Since we are perpetually updating our electronics from cell phones to PC’s our old electronics are somewhere out of sight, gathering dust or in a landfill where they can leak dangerous chemicals into the earth.
These potentially harmful substances include lead (large, old CRT [cathode-ray tube] monitors can contain up to 7 pounds), mercury, flame retardants, and cadmium.
Computer monitors, televisions and other electronic equipment should NOT be disposed of with regular garbage. Working TVs, monitors, computers and other consumer electronics can be sold or donated thereby prolonging their useful life. Nonfunctioning TVs, computer monitors and other obsolete electronics should be recycled by an organization equipped to handle them.

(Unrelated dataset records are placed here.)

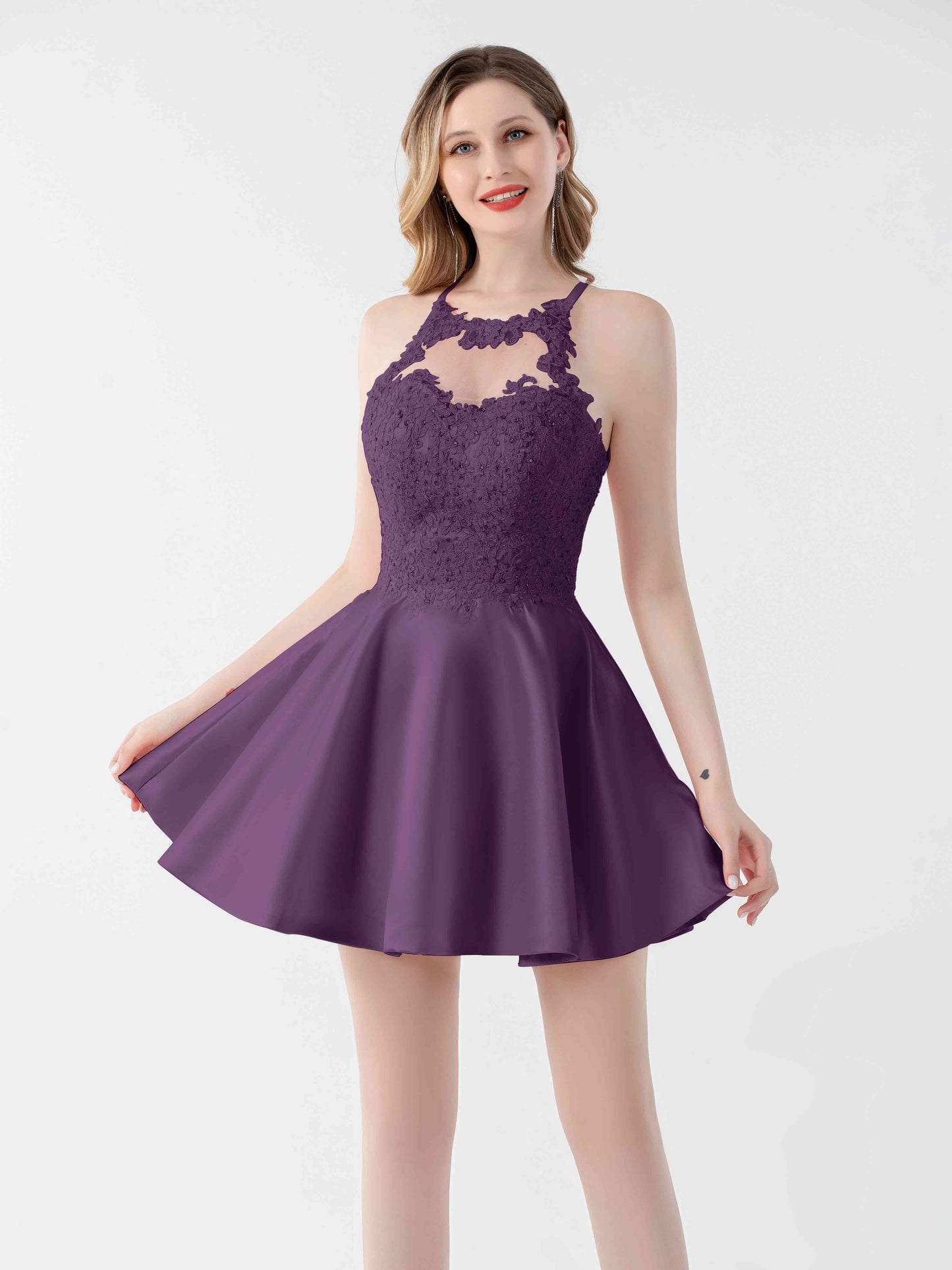 • Exude elegance with Mollevers' Mini Satin Party Dresses. These dresses combine sophistication and allure with their sleeveless design and illusion lace appliques adorned with delicate beading.
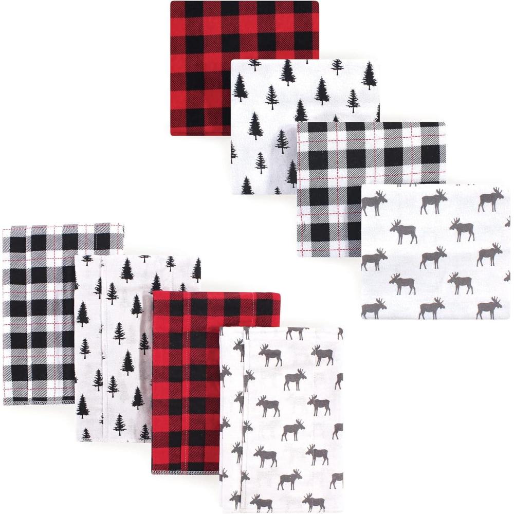 Hudson Baby Unisex Baby Cotton Flannel Burp Cloths and Receiving Blankets, 8-Piece, Mustache Hat, One Size(Moose)
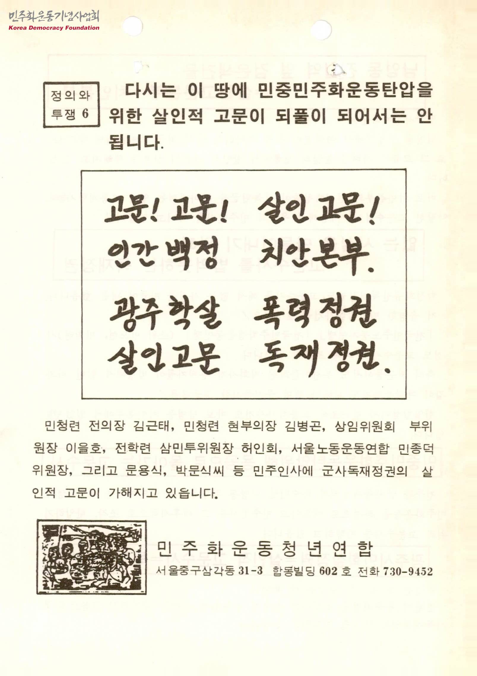 - 민주화운동청년연합의 김근태, 김병곤, 이을호 씨 등 민주인사에 군사독재정권의 살인적 고문을 폭로하며, 없는 사실을 만들어내기 위해 고문수사를 하고, 민중민주화운동탄압을 위해 용공으로 몰아가는 고문수사를 비판하는 내용 등이 수록된 문서
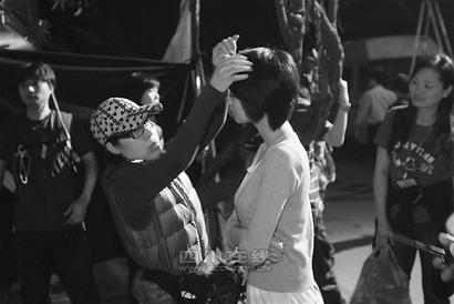 昨日拍攝的戲其實并沒有太多復(fù)雜的內(nèi)容,畫面就是高圓圓和鄭宇成在一條老巷子里面邊走邊說的畫面,不過兩人來來回回走了一晚上,拍攝了一個通宵。為了營造一種雨后的氛圍,劇組人員用水管將整個小巷子澆得濕漉漉的,連墻體都要全部澆濕。住在巷子里的居民都成為了群眾演員,該開店還開店,該打麻將還打麻將,只是不能在巷子里走動而已。因為兩人全部用英語對白,所以每次拍戲前高圓圓都拼命地練英語,特別是她還要背草堂的英文解說詞,難度很大!罢f好英語可能不容易,說熟了總沒問題吧?隨便什么語言,說上1000次,總歸熟練一點!
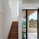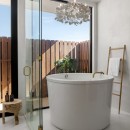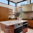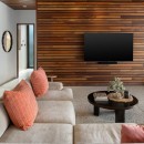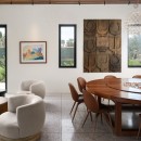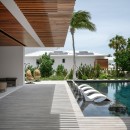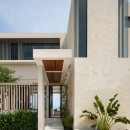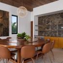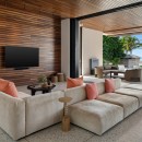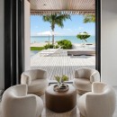 Stepping indoors reveals a warm ambiance characterized by timber-clad ceilings and terrazzo floors, lending a modern yet cozy feel to the interiors. The living room, adorned with fully pocketing doors allowing abundant natural light, features a generous sectional sofa ideal for accommodating a full house. A circular dining table encourages convivial meals, complemented by a fully stocked bar ensuring a wide array of cocktails, expertly prepared by the dedicated butler.

Here are a few options to help you dispose of those old electronics, in my case, I had three DVD players stop functioning in one year.
Office Depot (www.officedepot.com) is one place to dispose of your old A/V equipment. The Tech Recycling Service is Office Depot’s program to “turn tech trash into useful raw materials.” You can acquire a recycling box in one of three sizes: Small for $5, Medium for $10, and Large for $15. Check the list of Office Depot’s Acceptable Items before you fill your box—this is a wide-ranging list including DVD players, MP3 players, and cables, however, you cannot submit items such as cracked monitors, leaking electronics, or potentially radioactive material (of course).
At Earth 911, type the name of your electronic device in the search box next to Start Recycling. Then, fill in your ZIP code and click Go. Earth 911 produces an extensive list of locales that offer recycling services, accept donations, or facilitate reuse. Suggestions can include recycling companies, thrift stores, volunteer programs, national CE retailer branches, or academic institutions.